Я любил их всех, но с особым нетерпением
ждал визитов сестры моего отца, тетушки
Алисы, пышной большегрудой блондинки.
Я обожал аромат ее фантастических духов
и милое круглое личико. Она брала меня
на руки, смотрела в глаза с притворным
гневом и, как мне кажется, некоторым
кокетством и выговаривала строгим и
нежным голосом: «Ты охотишься за моей
грудью, маленький дьявол!»
Да, лишь тетушка
Алиса отдала должное моей выдающейся
персоне. Сделавшись, в своем воображении,
первым Римским папой-венгром и обретя
мученический венец, я уже видел себя
великим святым, временно задержавшимся
в детстве. И хотя тетушка Алиса наградила
меня новым титулом – Князя Тьмы -, в
глубине души мы подумали об одном и том
же.
Чтобы иногда
освободить маму от моего общества, ее
подруги брали меня на долгие прогулки
или в кино. Но сенсацию произвела тетушка
Алиса, пригласив меня на свидание. –
«О, мой кавалер», – проговорила она с
дрожью в голосе, – «не будешь ли ты столь
любезен пригласить меня в театр?» Я
прекрасно помню тот день, когда вышел
с ней, наряженный в мою первую пару
длинных брюк. Был солнечный субботний
денек поздней весной или ранней осенью
– незадолго до этого Соединенные Штаты
вступили в войну, потому что мы смотрели
Волшебник страны Оз.
Я получил свой первый взрослый костюм
несколько дней назад, и мне не терпелось
показаться в нем тетушке Алисе: кто как
не она могла по достоинству оценить
его. Когда тетушка наконец появилась,
напудренная и благоухающая духами, она
настолько увлеклась разговором с моей
мамой и объяснениями, почему задержалась,
что не заметила моих новых брюк. Однако
когда мы были готовы выходить, она издала
протяжный стон и отступила назад, пожирая
меня глазами.
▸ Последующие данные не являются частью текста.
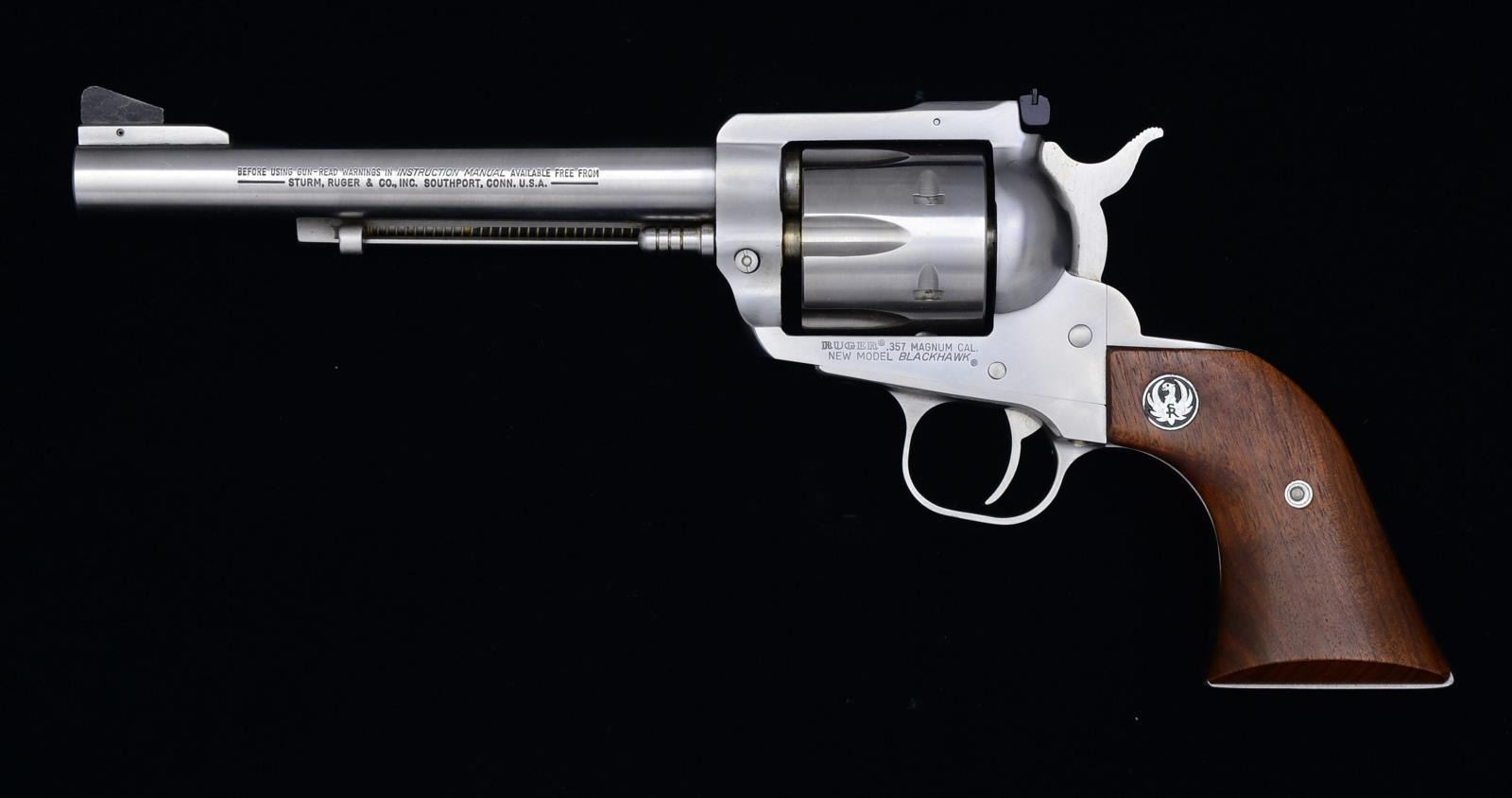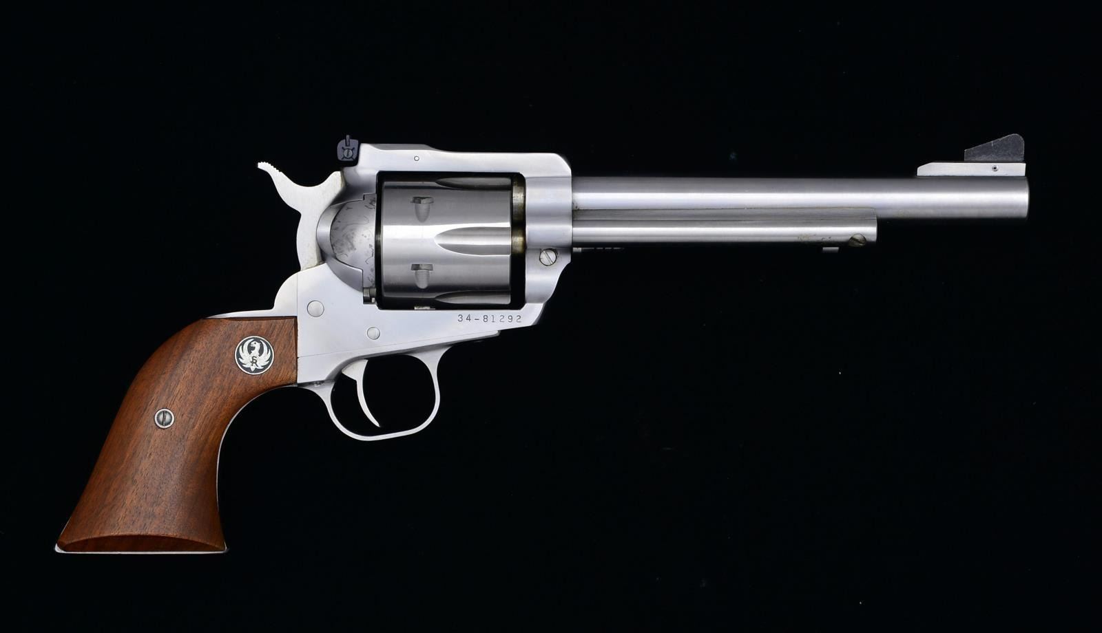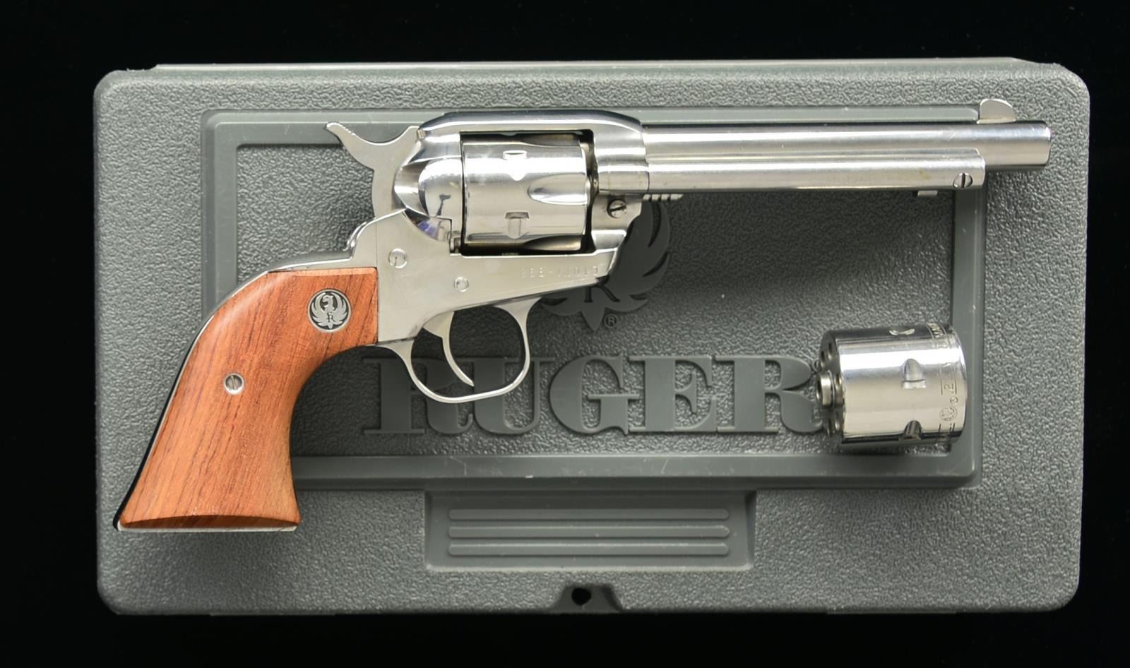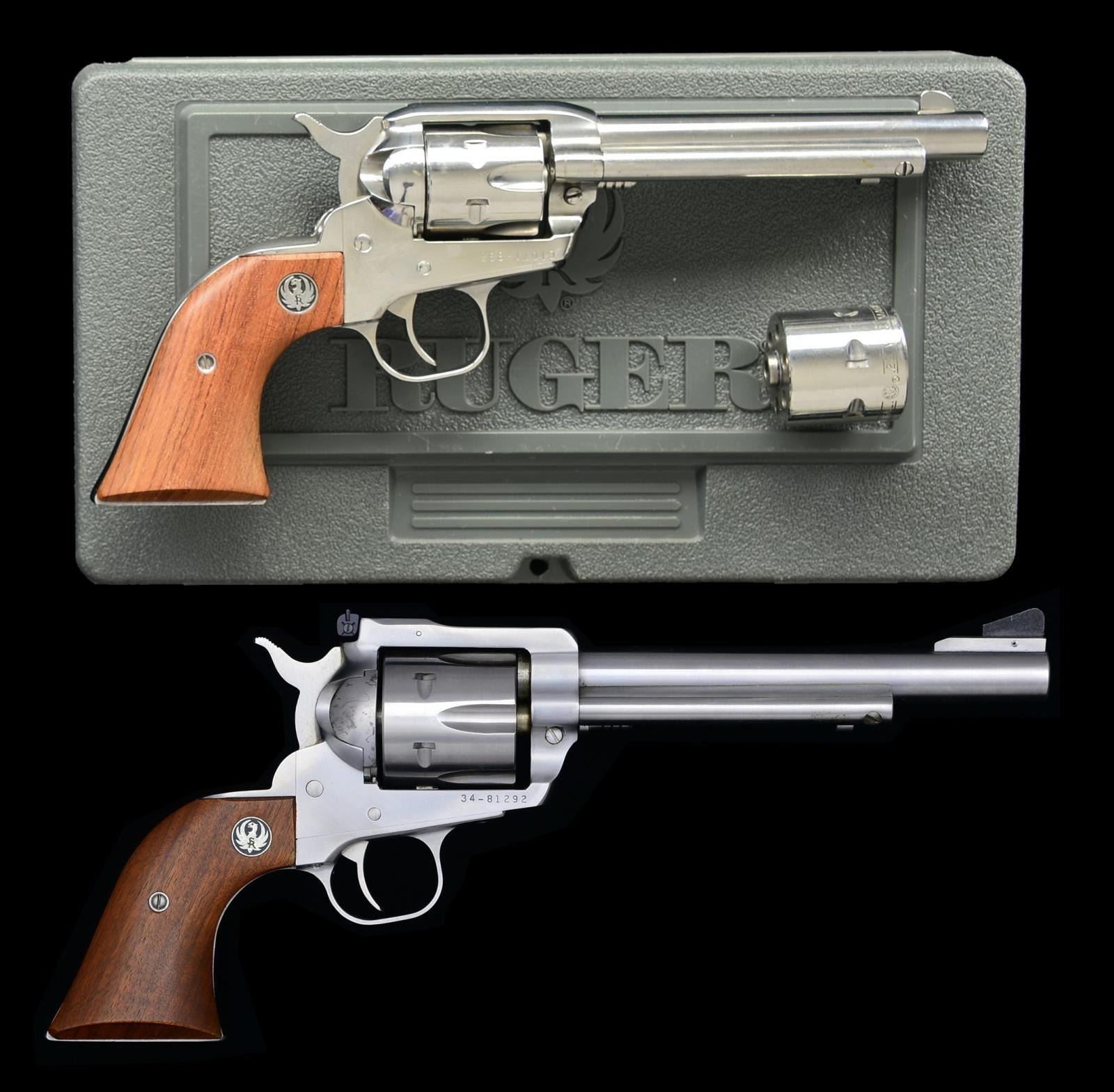1) NEW MODEL .22 CAL. SINGLE SIX CONVERTIBLE. Cal. 22 LR. S# 268-11010. Bbl. 5 1/2" w/ high gloss stainless steel finish. Standard sights. Fluted cyl. Stainless grip frame w/ rosewood grips & Ruger medallions. UNATTACHED ACCESSORIES: unfluted spare cyl. for .22 Win. Mag. scratch numbered to this revolver. Gray plastic carrying case w/ instruction papers. CONDITION: close to “near new” w/ some white scratches, mostly on bottom of bbl. Grips are very fine. Mechanically crisp. Spare cyl. w/ evidence of firing. (20-3253/MGM). 2) STAINLESS STEEL NEW MODEL BLACKHAWK IN .357 MAGNUM. Cal. 357 Mag. S# 34-81292. Bbl. 6 1/2" w/ adj. sights. Fluted cyl. Stainless steel grip frame w/ walnut grips having Ruger medallions. CONDITION: close to “as new” w/ a few very scattered minor marks w/ a barely discernible drag line on cyl. Mechanically crisp. (20-3267/MGM). BOTH MODERN. $700-1,000.

Я протянул ей руку, и она
произнесла: «Сегодня у меня великолепнейший
эскорт. Не правда ли, Ержи, он – копия
своего отца». Мы направились к двери,
держась за руки, счастливая пара, когда
внезапно раздался голос моей матери:
– Андраш, ты
не забыл сделать пи-пи?
Я покинул квартиру
с тетушкой Алисой, дав себе клятву
никогда в жизни не возвращаться назад.
Даже умиротворяющие слова моей спутницы
звучали раздражающе снисходительно, и
пока мы спускались по лестнице, я
мучительно размышлял, как восстановить
прежнее равновесие наших отношений. И
у самых парадных дверей я ущипнул ее за
попку. Она сделала вид, что не заметила,
но ее лицо залила краска. В этот момент
я решил: как только вырасту, женюсь на
тетушке Алисе, потому что лишь она
понимает меня.
Я все же не
собираюсь драматизировать мое детство,
превращая его в историю кровосмесительной
страсти к этой славной леди. Я был очень
счастлив и с отцами-францисканцами, и
на еженедельных посиделках моей матери,
когда видел всех ее подруг вместе, следил
за ними и слушал болтовню о модах, войне,
родне, браках и чем-то для меня непонятном.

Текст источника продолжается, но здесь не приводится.